「おはよう」

月曜日の朝、そろっと教室のドアを開けて入る。まだ大会の疲れが体に残っている。

だけど今日体が重いのはそれだけではない。晴翔と顔を合わせるのがなんだか気まずい。

大好きな晴翔に私が少林寺をしているところを見られてしまった。見られたってことは私の叫び声とかも聞かれたってことだよね。めちゃくちゃ恥ずかしいんだけど。

「おはよう、理菜」

一華が先に学校に着いて席に座っていた。何だかニヤニヤしている。そして隣にはもう晴翔がいる。

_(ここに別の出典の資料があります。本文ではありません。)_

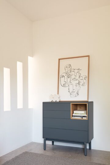 Teulat donosi suvremeni dizajn s naglaskom na kvaliteti i inovacijama. Kolekcija Corvo spaja jednostavnost, funkcionalnost i estetiku, savršeno usklađenu s vizijom brenda – stvoriti namještaj koji je pristupačan, elegantan i potpuno prilagodljiv različitim interijerima. Komoda Corvo idealan je izbor za svaki dom.

ヘアオイルをつけ始めて一ヶ月は経っている。そろそろ私の髪も艶々のトゥルントゥルンになっていてもいい頃だ。

私が席に着くと、晴翔が私の方を振り返ってきた。いつもなら小説を読んだままなのに。咄嗟の仕草に思わずドキッとする。

「おはよう、岩田」

「おはよう、晴翔」

晴翔から先に挨拶されたのがすごい嬉しいのに、それを素直に返せず、ぶっきらぼうに答えてしまう。これじゃあ、また印象が悪くなっちゃうよ。

「あのさ、岩田」

晴翔が気まずそうなもじもじとした顔で私を見てくる。その表情がすごく可愛い。

「土曜日、俺さ、部活で北光学院に行ってたんだよね」

「あれ、そうだったんだ」思わず知らないふりをしちゃう。

「少林寺をしてる岩田、すごくカッコよかった。いつもの岩田と別人みたいだった」

晴翔から見たら私もカッコよく見えるんだ。でもね、晴翔。これからもっとかっこよくなるよ。

「やっぱ勝手に見られるの嫌だったよな」

「そんなことないよ!私も晴翔が見てくれたの嬉しかった」

うわ、何言ってるの私。つい晴翔からかっこいいって言われて舞い上がっちゃった。

「黙っているのも悪いかと思ったんだ。ちゃんと言えてよかった」

そう言って晴翔はそそくさと前を向いて、また小説を読み始めた。

私も、晴翔の小説を勝手に読んでいるんだよな。そのこと、晴翔が知ったら嫌な気持ちになるだろうか。何だか自分だけ隠し事をしているみたいでモヤモヤする。

でも晴翔は部活の集まりが北光学院であったからって理由がある。けど私が文芸部の部誌を読む理由なんてないよね。晴翔がどんなヒロインを書くのか気になったなんて言えないし。

いつかは言わないと。そう心に決めて私は晴翔の方をもう一度見た。やっぱり、私は晴翔のことが好きだ。この気持ちに嘘はつけない。

私も頑張らないと。そう強く思った。